### What you are asked to do
What you return must match the listing below exactly, minus any pictures.

### Data section
.....

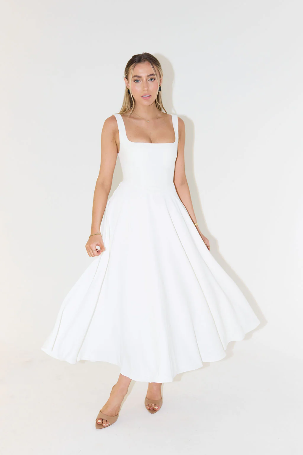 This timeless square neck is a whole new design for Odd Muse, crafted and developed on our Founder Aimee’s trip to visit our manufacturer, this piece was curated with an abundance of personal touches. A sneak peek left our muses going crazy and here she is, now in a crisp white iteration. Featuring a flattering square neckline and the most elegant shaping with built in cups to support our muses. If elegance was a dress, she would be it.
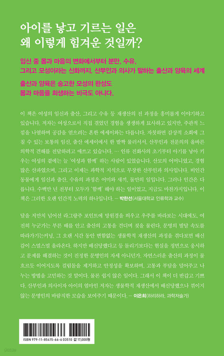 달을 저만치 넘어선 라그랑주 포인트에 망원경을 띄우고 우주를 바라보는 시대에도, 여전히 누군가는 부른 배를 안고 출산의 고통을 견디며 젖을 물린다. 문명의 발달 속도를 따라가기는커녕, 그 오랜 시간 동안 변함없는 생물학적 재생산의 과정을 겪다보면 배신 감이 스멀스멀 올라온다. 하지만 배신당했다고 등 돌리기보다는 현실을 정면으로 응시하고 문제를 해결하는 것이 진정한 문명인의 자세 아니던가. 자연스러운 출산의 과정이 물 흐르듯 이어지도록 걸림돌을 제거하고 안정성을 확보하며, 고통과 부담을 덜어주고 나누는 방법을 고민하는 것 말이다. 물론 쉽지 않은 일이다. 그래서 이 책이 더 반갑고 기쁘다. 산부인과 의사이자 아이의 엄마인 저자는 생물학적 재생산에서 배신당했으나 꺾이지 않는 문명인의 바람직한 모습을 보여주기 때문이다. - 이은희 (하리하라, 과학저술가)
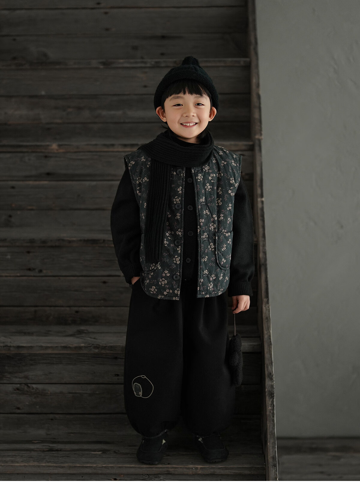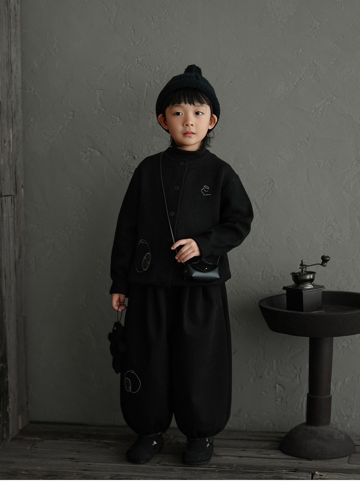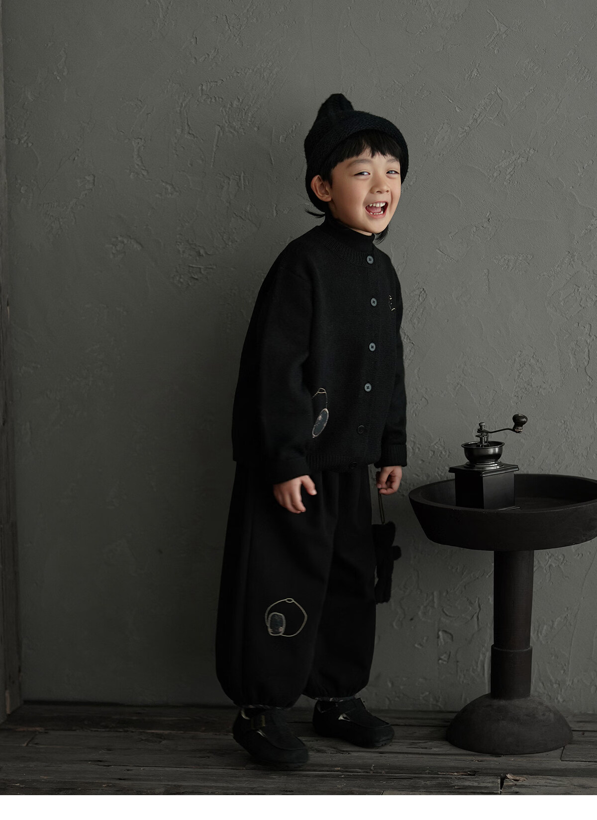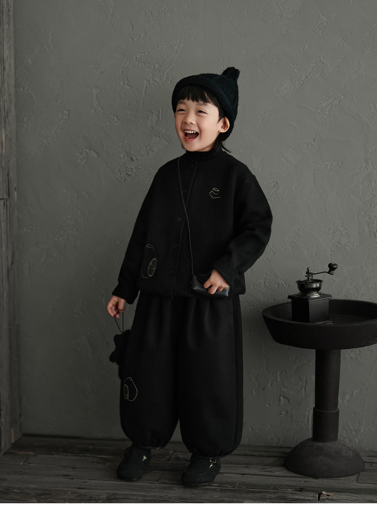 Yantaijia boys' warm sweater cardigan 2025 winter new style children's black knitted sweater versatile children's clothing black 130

.....

### Task result
 This timeless square neck is a whole new design for Odd Muse, crafted and developed on our Founder Aimee’s trip to visit our manufacturer, this piece was curated with an abundance of personal touches. A sneak peek left our muses going crazy and here she is, now in a crisp white iteration. Featuring a flattering square neckline and the most elegant shaping with built in cups to support our muses. If elegance was a dress, she would be it.
 달을 저만치 넘어선 라그랑주 포인트에 망원경을 띄우고 우주를 바라보는 시대에도, 여전히 누군가는 부른 배를 안고 출산의 고통을 견디며 젖을 물린다. 문명의 발달 속도를 따라가기는커녕, 그 오랜 시간 동안 변함없는 생물학적 재생산의 과정을 겪다보면 배신 감이 스멀스멀 올라온다. 하지만 배신당했다고 등 돌리기보다는 현실을 정면으로 응시하고 문제를 해결하는 것이 진정한 문명인의 자세 아니던가. 자연스러운 출산의 과정이 물 흐르듯 이어지도록 걸림돌을 제거하고 안정성을 확보하며, 고통과 부담을 덜어주고 나누는 방법을 고민하는 것 말이다. 물론 쉽지 않은 일이다. 그래서 이 책이 더 반갑고 기쁘다. 산부인과 의사이자 아이의 엄마인 저자는 생물학적 재생산에서 배신당했으나 꺾이지 않는 문명인의 바람직한 모습을 보여주기 때문이다. - 이은희 (하리하라, 과학저술가)
 Yantaijia boys' warm sweater cardigan 2025 winter new style children's black knitted sweater versatile children's clothing black 130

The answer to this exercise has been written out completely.